While “Die Hard” is normally the debated Christmas/Holiday movie, I present “Harry Potter and the Goblet of Fire'' as a perfect movie to get you in the festive spirit. I think it is no debate that the fourth installment is the most holiday-filled movie of the franchise, but I think in addition to that recognition, it deserves a spot on lists of holiday movies as a whole.

The clearest holiday aspect is the Yule Ball. Right in the middle of the movie, when Harry is having issues with the Triwizard Tournament and Ron is upset because he can’t accept that he’s in love with Hermione, viewers get a little pause to, jaw-dropped, watch Hermione walk down the grand stairs. There's upbeat music, dancing, watching Harry and Ron fumble and the overall soaking in of the grand scene of the Christmas dance. One can’t help but feel spirited watching all of the students dress up in their finest holiday attire while eating their holiday feast.

A more implicit holiday theme throughout the movie is generosity. We see Hagrid alert Harry of the first dragon challenge; Harry then alerts Cedric and Cedric reciprocates the gesture by letting Harry know how to open the egg. Hagrid feels protective of Harry and, knowing the danger he is about to face, gives Harry generous information to protect him. Harry, being the upstanding character that he is, feels Cedric needs the same advantage that all of the other competitors are getting. In the giving spirit that spreads around, Cedric feels a bond to Harry and hints to him about the egg clue in the second challenge. The generosity started by Hagrid spread throughout the whole movie, a theme common in many of our holiday classics.

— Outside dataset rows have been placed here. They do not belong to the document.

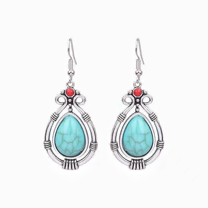 Cross-border Hot Sale Bohemian Vintage Earrings Leaf Drop Shape Handmade Rice Bead Woven Tassel Turquoise Earrings
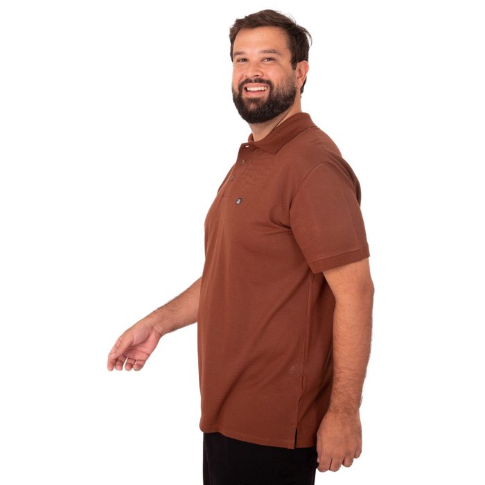 A Polo Plus Size Masculina Piquet Modal Marrom é ideal para homens que buscam conforto superior, elegância discreta e versatilidade para o dia a dia ou ocasiões mais arrumadas. Produzida em tecido piquet com composição de 97% modal e 3% elastano, oferece toque extremamente macio, excelente respirabilidade e leve elasticidade, garantindo conforto prolongado e ótimo caimento.
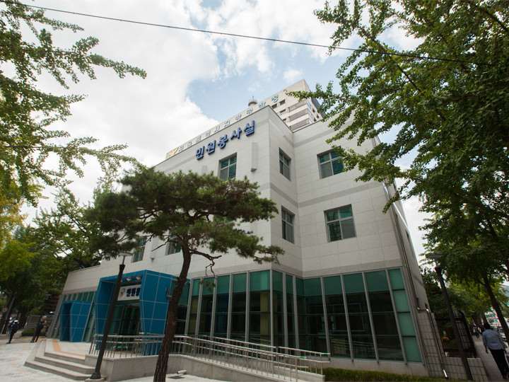 「ソウル地方警察庁(チバンキョンチャルチョン)」は、ソウル市内各地域の警察署をはじめ、交番や機動隊から義務警察、警察広報団まで束ねるソウル市の警察関連のトップ機関です。2021年より「ソウル特別市警察庁」へと名称が変わりました。場所は官公庁が集まる光化門(クァンファムン)の古宮「景福宮(キョンボックン)」近くに位置。1階には警察グッズなどを販売している売店、カフェがあり、カフェの名前はソウルの「ソ」と、警察(キョンチャル)の「警(キョン)」から「ソギョンカフェ」と名付けられています。正面玄関は建物の南側にありますが、警備員に訪問目的を正確に伝えなければ中には入れず、カフェや売店も一般開放はしていません。警察庁内の見学はホームページにて団体予約のみ可能です。
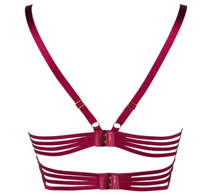 Tato koketní a efektně střižená měkká polokorzetová podprsenka je "must have" ve vašem šatníku. Překvapivé kombinace a střih naší vínové krajky jsou novinkou na trhu. Díky speciálně střiženým špičkám budou vaše tělo zdobit nejmódnější vzory letošního léta. Má dvojité zapínání na dva háčky a neodnímatelná, ale nastavitelná ramínka zakončená zlacenými ornamenty.
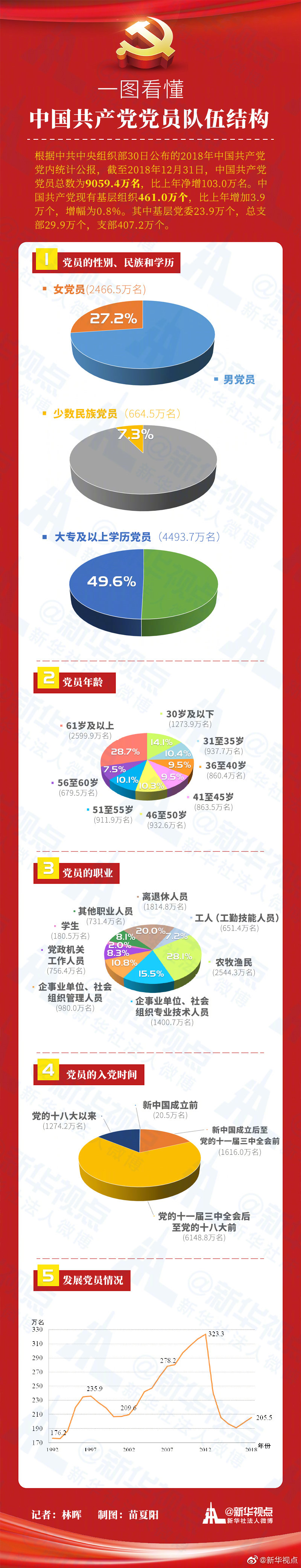 ???中國(guó)共產(chǎn)黨隊(duì)伍穩(wěn)步壯大:黨員9059.4萬(wàn)名 基層黨組織461.0萬(wàn)
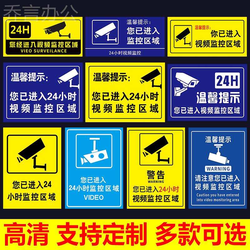 监控提示贴纸您已进入24小时监控区域标识贴纸你已进入监控区域提示牌内有监控墙贴覆盖警示警告标语贴纸定制
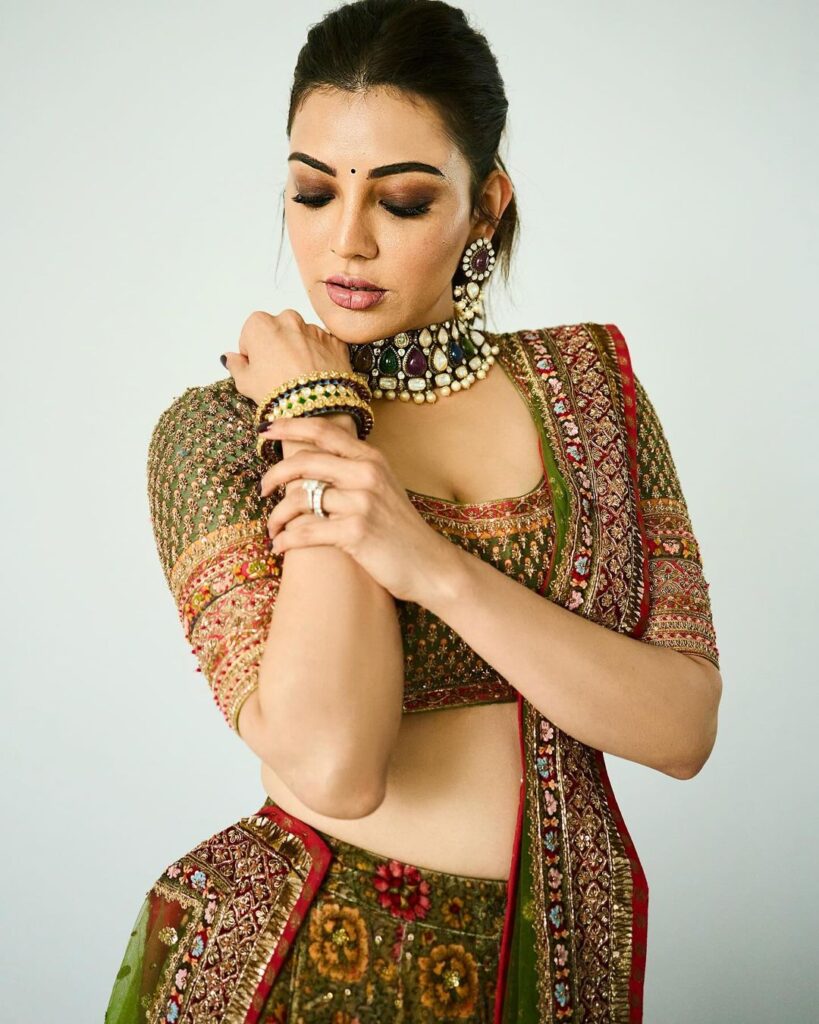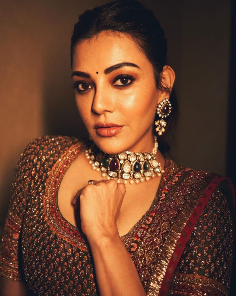 லோ நெக் ட்ரஸ்ஸில் நெஞ்சுக்குழி அழகு தெரிய கார்ஜியஸ் லுக்கில் காஜல் அகர்வால்!
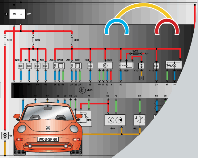 - Bomba de combustible G6 y relé de bomba de combustible J17
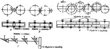 В случаях, когда требуется передача движения нескольким линиям прокатного стана, при небольшом расстоянии между их осями (например, в мелкосортных непрерывных станах), находят применение редукторы согласно схеме, изображенной на Рис. 5,в, причём для того, чтобы получить вращение валков во всех линиях в одну сторону, оси зубчатых колёс располагают в двух плоскостях, присоединяя валы колёс поочерёдно то к нижней, то к верхней шестерне шестерённой клети. Диаметр зубчатых колёс делается разным в зависимости от требуемого числа оборотов в каждой линии.
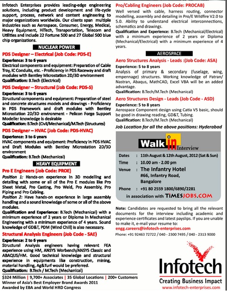 Infotech Walkin interview in Bangalore on August 11th 12th 2012 for Experienced
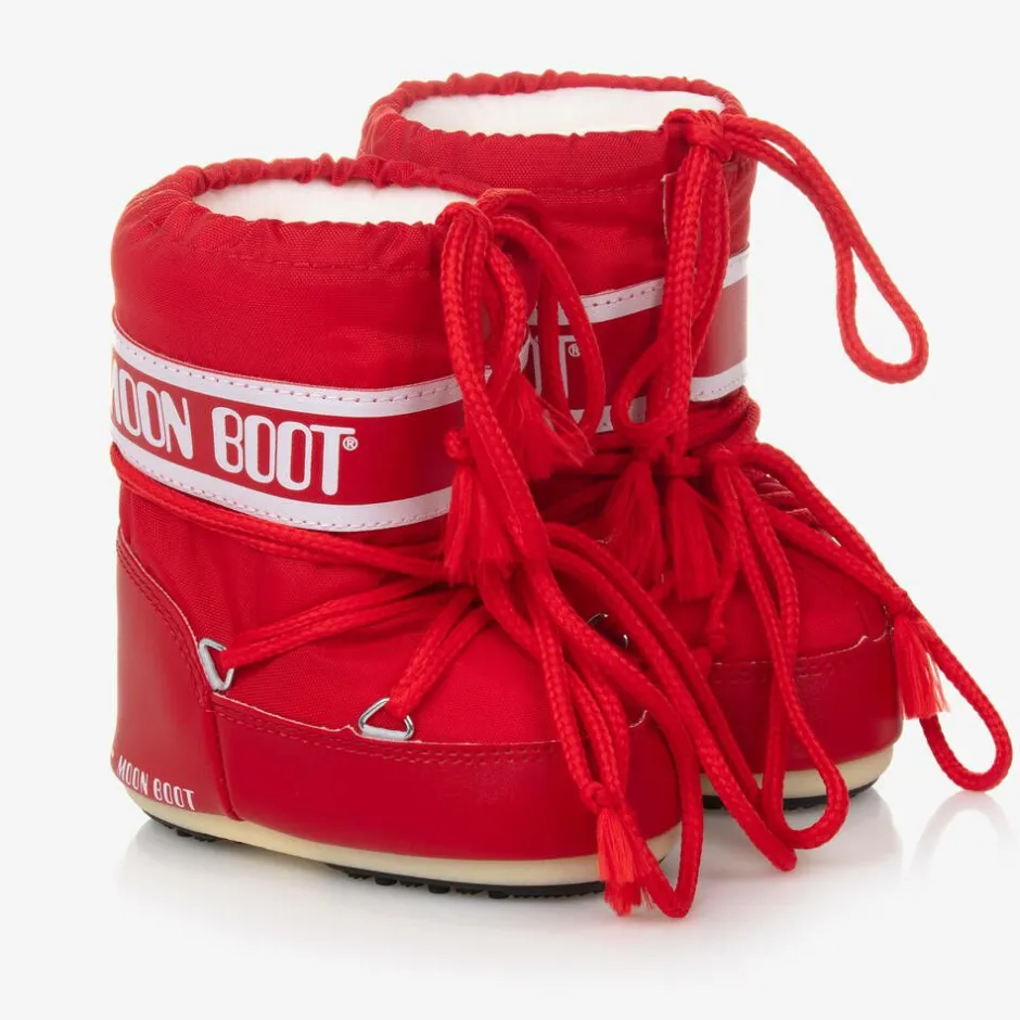 Red snow boots for baby boys and girls by Italian label, Moon Boot. In the brand's original, iconic style, these water-repellent and ultra-resistant boots have a white logo print panel and tie-up laces for a signature look. Generously padded, they have a drawstring on the cuffs for a warm and comfortable fit. The thermoplastic rubber soles feature tiny suction pads to improve grip. The technological foam lining will feel snug at first but will mould to the size and shape of the foot after a few hours of wear.

In the second task, Harry also displays the beloved holiday theme of selflessness. Harry gets to spend some lovely time in the murky and dangerous waters of the Hogwarts lake. He’s searching for Ron, who’s been tied underwater in an unknown location. I do always wonder if they had a safety plan in place for this task because I would not be too happy to be dragged into it as a friend of a competitor. Anyways, when Harry gets to the destination of the captured and sees Fleur’s sister with no one to save her, he chooses to rescue both Ron and the sister. The mermaids do not like this plan and try to attack Harry. Harry struggles to the surface, nearly drowning as his gills are wearing off, but acts selflessly in trying to save a competitor’s sister. It was a rather silly move, though, because Hogwarts wasn’t going to just leave the friends in the lake if no one saved them.

The final poignant theme I want to touch on is that of sharing. After months that honestly just seem awful, Harry has finally reached the end of the competition. His last task before him is the maze. Only Harry and Cedric make it to the end, but Cedric owes Harry for saving him from previous danger in the hedges. As they both rush toward the cup, they decide that they should share in the glory together. Unfortunately, this idea ended up not working out for Cedric, but still, the sentiment is nice.

I want to conclude my ode to the holiday-ness of “Harry Potter and the Goblet of Fire'' by mentioning the whole ambiance. A cloudy sky backdrops much of the setting and flecks of snow are often falling around the grounds. The common room is seriously winter room goals, and I can picture myself getting warm by the large fireplace, or maybe even off of the heat from a dragon’s flame. I can’t end this piece without mentioning the uncanny resemblance Dumbledore has to Santa nor the love in the air between Harry and Cho. At your next Christmas gathering, when someone suggests “Elf,” I recommend that you think outside the box and instead turn on “Harry Potter and the Goblet of Fire.”